[HN Gopher] Getting AI to write good SQL: Text-to-SQL techniques...
___________________________________________________________________
Getting AI to write good SQL: Text-to-SQL techniques explained
Author : richards
Score : 68 points
Date : 2025-05-16 21:10 UTC (1 hours ago)
(HTM) web link (cloud.google.com)
(TXT) w3m dump (cloud.google.com)
| mritchie712 wrote:
| the short answer: use a semantic layer.
|
| It's the cleanest way to give the right context and the best
| place to pull a human in the loop.
|
| A human can validate and create all important metrics (e.g. what
| does "monthly active users" really mean) then an LLM can use that
| metric definition whenever asked for MAU.
|
| With a semantic layer, you get the added benefit of writing
| queries in JSON instead of raw SQL. LLM's are much more
| consistent at writing a small JSON vs. hundreds of lines of SQL.
|
| We[0] use cube[1] for this. It's the best open source semantic
| layer, but there's a couple closed source options too.
|
| My last company wrote a post on this in 2021[2]. Looks like the
| acquirer stopped paying for the blog hosting, but the HN post is
| still up.
|
| 0 - https://www.definite.app/
|
| 1 - https://cube.dev/
|
| 2 - https://news.ycombinator.com/item?id=25930190
| ljm wrote:
| > you get the added benefit of writing queries in JSON instead
| of raw SQL.
|
| I'm sorry, I can't. The tail is wagging the dog.
|
| dang, can you delete my account and scrub my history?
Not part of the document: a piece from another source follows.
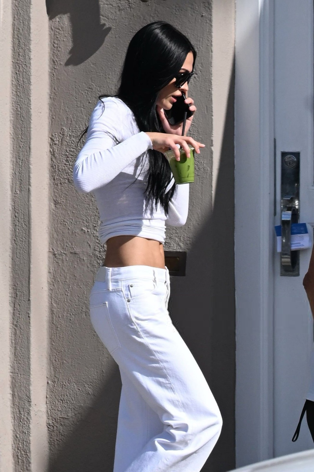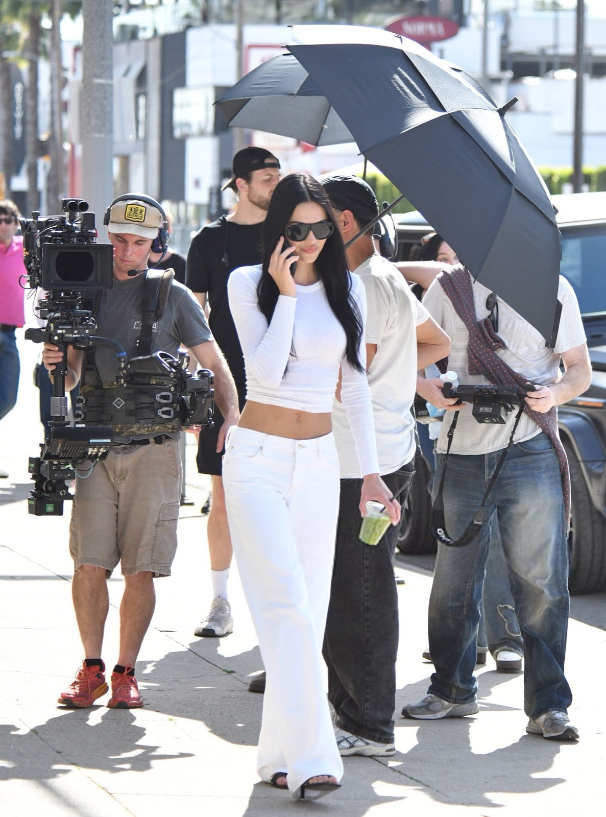 Repérée à West Hollywood pour un shooting street-style. La mannequin téléphone, coordonne l’équipe. Clin d’œil: fille de reality-TV, devenue visage fashion qui fait travailler les trottoirs.

I'm
| serious.
| dangscientist wrote:
| my friend, dang only responds to naked aggression (at least)
| fhkatari wrote:
| You move all the tools to debug and inspect slow queries, in
| a completely unsupported JSON environment, with prompts not
| to make up column names. And this is progress?
| westurner wrote:
| From "Show HN: We open sourced our entire text-to-SQL product"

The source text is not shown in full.